However, the New Yorker version still contained four editorial changes that Nabokov eliminated in later publications. One was that the title was reversed as mentioned above. The second was that instead of numbers for the three sections, the sections were separated by ellipses. The third was that two paragraphs were joined into one. The fourth was that "beech plum" for a kind of jelly was changed to the correct "beach plum". Alexander Drescher has argued that Nabokov intended the latter two points to be among the story's "signs and symbols". With his paragraphing, the story's sections have 7, 4, and 19 paragraphs, indicating the year it takes place, 1947. (Drescher credits this connection to Anthony Stadlen.) In the New Yorker version, the last section had 18 paragraphs. To support his claim that the connection to 1947 is intentional, Drescher notes that in Nabokov's novel Pnin (1957), Pnin complains that a librarian has changed volume 19 to volume 18 and gotten the wrong year in his request for a book from 1947, saying, "They can't read, these women! The year was plainly inscribed." Regarding "beech", Drescher argues that it is the husband's misreading of the label, "an example of typographical free indirect discourse," and is one of the story's many references to the Holocaust, specifically the Buchenwald concentration camp. Buchenwald means "beech woods", and Pnin thinks of "Buchenwald" and "beechwood" (for cremation) together.

==Interpretations==
In a letter to Katharine White, Nabokov said that "Signs and Symbols", like "The Vane Sisters", was a story "wherein a second (main) story is woven into, or placed behind, the superficial semitransparent one." He did not say what the main story was.
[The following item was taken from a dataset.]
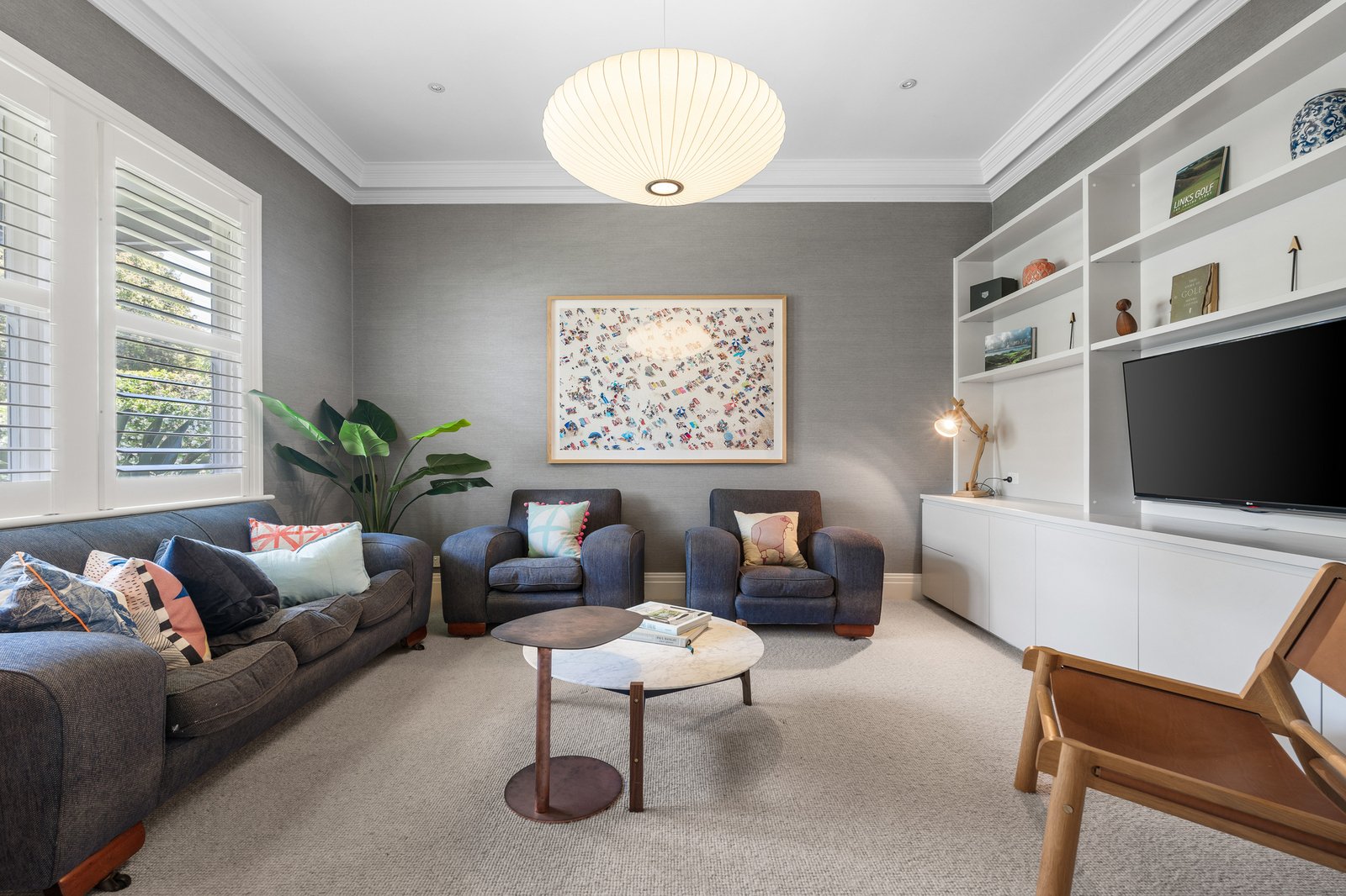 Interiors are finished with natural Scandi-style hardwood floors, plush loop-pile wool carpets, and a refined palette of stone and Corian benchtops. Imported statement lighting highlights the generous ceiling height, while custom joinery features throughout almost every room, incorporating bespoke library shelving, robes and workstation solutions.

Some critics have argued that the story's many details can be deciphered into a message—for instance that the son has committed suicide, or that he is in an afterlife and free from his torments, or that the third phone call is from him, saying that he has escaped from the asylum. However, the predominant interpretation is that the story inveigles the reader into an attempt at deciphering the details and thus "over-reading", which is "another, milder form of referential mania".